At just before 7.00 pm on the evening of Monday, 10th August, 1903, just a little over four months after the completion of Line 2, a train entered Boulevard Barbès station with heavy smoke billowing from one of the motors of the front car. The passengers were evacuated from the train onto the platform, the power to the motor was disconnected by raising the shoes, and the burning subsided.

With the urgent need to clear the line at Boulevard Barbès and probably against a chorus of frustrated passengers anxious to be on their way, the staff decided to move the train. They reconnected the power and allowed the train to descend into the tunnel ahead. What they hadn’t realised was that the fire was not simply a case of the train motor overheating it was in fact a short circuit which was bound to cause further trouble. And so it proved.
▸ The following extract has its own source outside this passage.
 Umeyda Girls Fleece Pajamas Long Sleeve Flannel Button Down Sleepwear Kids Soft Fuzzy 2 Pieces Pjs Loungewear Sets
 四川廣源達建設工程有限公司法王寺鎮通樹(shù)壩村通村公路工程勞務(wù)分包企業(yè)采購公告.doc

The burning returned although the train made it as far as the station Combat (now called Colonel Fabian) before the driver stopped for help. The power was once again disconnected and the burning subsided but when the power was reconnected it began again. It became clear that the only way to move the train any further was to use another train to push it.

Meanwhile, the passengers from the stricken train were still at the Boulevard Barbès station.
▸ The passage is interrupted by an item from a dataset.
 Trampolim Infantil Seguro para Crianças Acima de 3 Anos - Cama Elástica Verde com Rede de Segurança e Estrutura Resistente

Passengers waiting at Barbès-Rochechouart (formerly Boulevard Barbès) today

Presently, a four-car train arrived and the passengers piled on. This train took them as far as the Rue d’Allemagne (now called Jaures) station where they again disembarked. As their now empty train moved on to Combat to join up with the stricken train another four-car train arrived at the Rue d’Allemagne and the frustrated passengers boarded that already overcrowded train.

Up ahead, the stricken train was being pushed by the empty four-car train. This combination was being driven by the motor in the four-car train at the rear but the short-circuited motor on the stricken train was still live and by now burning again.

The combination of trains arrived at Couronnes and the following train complete with passengers was close on its heels.

Couronnes station today – Most of the deaths occurred on the platform on the right

The motor on the leading train combination was by this time well on fire but instead of continuing into the tunnel ahead, the driver stopped the train halfway along the platform. The train with the passengers pulled up behind. The passengers were once again told to get off their train. Understandably perhaps, their frustration boiled over and some passengers refused to get off whilst others began an altercation with the staff  – but by then it was too late. The stricken train moved off into the tunnel ahead and travelled to the next station, Ménilmontant, by which time the fire had got out of control. The fire destroyed the electrical circuit supplying the Couronnes station lighting and the station was plunged into darkness just as a cloud of dense black smoke appeared out of the tunnel ahead. Chaos ensued as people scrambled for the exits which many couldn’t find. Some survived but many did not. In total, eighty-four people died, seven at Ménilmontant and the rest at Couronnes.

Carte Postale Ancienne. Source CPArama.

The news of the disaster was greeted with shock and crowds gathered as the bodies of the victims were evacuated from the stricken station.

Evacuating the bodies – Carte Postale Ancienne. Source CPArama.

Sounds of Couronnes station today:

Within days of the disaster, measures were put in place to ensure that events like this could never happen again.

As I said at the beginning, the Paris Métro today is considered to be one of the safest public transport systems in the world.  Long may it continue.